Mientras tanto, la comunidad científica intenta desesperadamente alcanzar certezas, y poco consigue. El virus avanza mas rápido que los rigurosos métodos necesarios para conseguir evidencia de calidad. La vacuna, en camino, pero con muchas dudas. Dudas, incertidumbres.

Pareciera que como seres humanos no estamos dispuestos a convivir con la incertidumbre. Esta es sin duda una de las razones por las cuales estamos tan enojados y frustrados.

Conocer y re-conocer al otro con sus propias necesidades y aceptar el grado de incertidumbre al cual esta pandemia nos somete, parece ser una respuesta bastante mas inteligente.

Es momento de sumar, de sostener, de aportar, de crear. Es momento de medir nuestras palabras antes de causar mas daño. Estamos cansados, heridos, vulnerables. Más que nunca.

La compasión se define como ese ‘sentido básico de apertura o sensibilidad hacia el sufrimiento propio y de los demás, unido a la intención genuina de aliviarlo y prevenirlo” (Gimpa, 2014, Gilbert et al 2017). Es este un tiempo propicio para reconocer nuestro propio sufrimiento y acercarnos al del otro preguntándonos si podemos hacer algo para aliviarlo. Siempre hay otro en un contexto mas desfavorable que el propio. Siempre. Nos cuesta verlo, pero allí está.

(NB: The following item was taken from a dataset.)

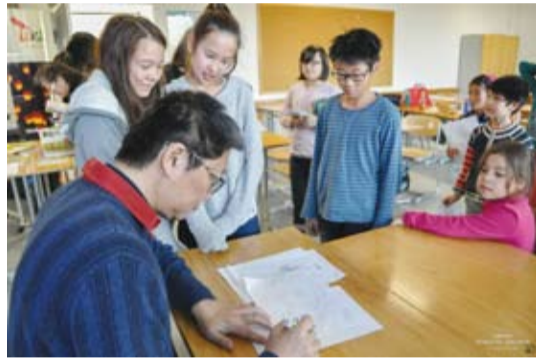
台灣漫畫家敖幼祥在漫畫研習營指導慕尼黑中文學校學生。(轉載自宏觀僑務新聞網)

慕尼黑 / 在睽違兩年後，慕尼黑中文學校及德國台灣協會元月12日再次合作舉辦漫畫研習營，協會會長劉威良邀請台灣漫畫四大才子之首的《烏龍院》作者敖幼祥及台灣漫畫家林莉菁，帶給學校師生難忘的漫畫體驗，並座談「我的人生經驗談」。

Quizás estemos fallando en reconocer nuestro propio sufrimiento, y nos disfrazamos de personas muy enojadas. Quizás el reconocimiento del propio sufrimiento sea la puerta de acceso al reconocimiento del sufrimiento del otro.. Quizás entonces podamos VER el sufrimiento real y actual de nuestros profesionales de la salud, y su lógico y humano agotamiento físico y emocional.

Hay redes tejidas. En todas se puede colaborar.

Hay barrios con necesidades impostergables.

Puede que todo esto suene idílico y utópico. Creo que necesitamos muchas reflexiones de este tipo para volver a encontrar nuestro eje, recuperando la paz en nuestros corazones.

Ha dicho un grande: “Erradicaremos el mal y traeremos paz al mundo, no mediante el enjuiciamiento de los demás sino transmitiendo amor. Si se deshace del enjuiciamiento y de la tendencia a dominar y controlar a los otros, será capaz de reemplazar el odio y la intolerancia por el amor y la armonía” (W. Dyer)

No podemos construir un mundo más justo si no hay paz en nuestros corazones.

Volver a lo esencial: reconocer en las necesidades y deseos del otro esa humanidad que la pandemia nos quiere hacer poner entre paréntesis cuando es, precisamente, lo que más necesitamos para transitarla y poder en algún momento afirmar( ¿quién se acuerda a esta altura?): De esta salimos todos juntos.